KM Core Values

Tony Hsieh, CEO of, wrote a great endorsement of Twitter in his recent post, How Twitter Can Make You A Better (and Happier) Person. For him, Twitter was instrumental in the following four areas:

  1. Transparency & Values: Twitter constantly reminds me of who I want to be, and what I want Zappos to stand for
  2. Reframing Reality: Twitter encourages me to search for ways to view reality in a funnier and/or more positive way
  3. Helping Others: Twitter makes me think about how to make a positive impact on other people’s lives
  4. Gratitude: Twitter helps me notice and appreciate the little things in life

I’ll let you read his post to find out exactly what makes Twitter so wonderful for him.  However, for our purposes, I wanted to take a closer look at his discussion of values.  In his post he explains that living life in a public forum like Twitter means that there is a constant spotlight on him and on how he embodies his company’s core values in his daily life and his daily tweets.
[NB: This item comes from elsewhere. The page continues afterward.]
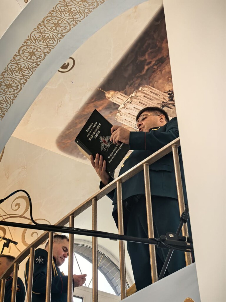 Во время торжественного богослужения звучал голос хора инженерных войск Вооруженных Сил Российской Федерации, создававший особую атмосферу духовного единения среди присутствующих.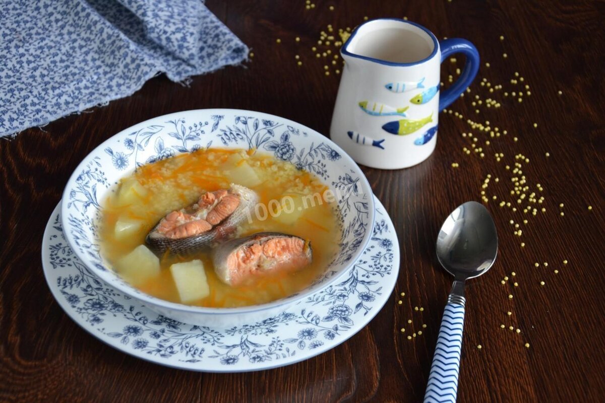 Давно у нас на канале не было первого блюда. Сегодня заполним этот пробел. Рекомендую простой рецепт «Уха с пшеном и красной рыбой». Интересно. Когда родилась уха, установить невозможно. Доподлинно известно лишь то, что блюдо готовили давным-давно. История уведомляет, что еще в XI-XII веках любой суп называли ухой, а также, навар из мяса и даже блюда, напоминающие сегодняшний компот. Лишь с конца XVII - начала XVIII века ухой стали называть только рыбный бульон. Супом называть такое блюдо неправильно. Поскольку уху не заправляли мукой, маслом, обжаренным луком и крупой. Время приготовления 1 час 15 минут Калорийность – 45 ккал/100 г Ингредиенты (6 порций) · лук – 1 шт; · пшено – 100 г; · вода – 2 литра; · соль – по вкусу; · картофель – 2 шт; · красная рыба – 350 г; · перец горошком – 3 шт; · морковка – 1 шт4 · душистый перец – 4 шт Подготовка ингредиентов Рыбку тщательно моем под проточной водой. Нарезаем стейками. Можно использовать любую красную рыбу по своему вкусу. Например, во

The Zappos core values were created by the employees of Zappos working together to explain what mattered to them. Here are the values they identified as their “core values”:

  1. Deliver WOW Through Service
  2. Embrace and Drive Change
  3. Create Fun and A Little Weirdness
  4. Be Adventurous, Creative, and Open-Minded
  5. Pursue Growth and Learning
  6. Build Open and Honest Relationships With Communication
  7. Build a Positive Team and Family Spirit
  8. Do More With Less
  9. Be Passionate and Determined
  10. Be Humble

Now, take another look at this list and tell if you don’t think it would be a great statement of knowledge management’s core values?  We may not be delivering shoes and clothing, but these core values speak to our work as service providers and midwives to change.  In fairness, there are few businesses that could not be improved by following these core values so, in that respect, there isn’t much that is particular to KM in this list.  Nonetheless, I’d suggest that we haven’t always done a great job of embodying these values and that failure is reflected in our spotty results as a discipline.  As the economic news gets grimmer, it might be timely to think harder about what our core values are and how we live them out in our workplaces.  And then, we need to commit.

I’ll give the last word to Tony Hsieh, from his post Your Culture Is Your Brand:

We believe that it’s really important to come up with core values that you can commit to. And by commit, we mean that you’re willing to hire and fire based on them.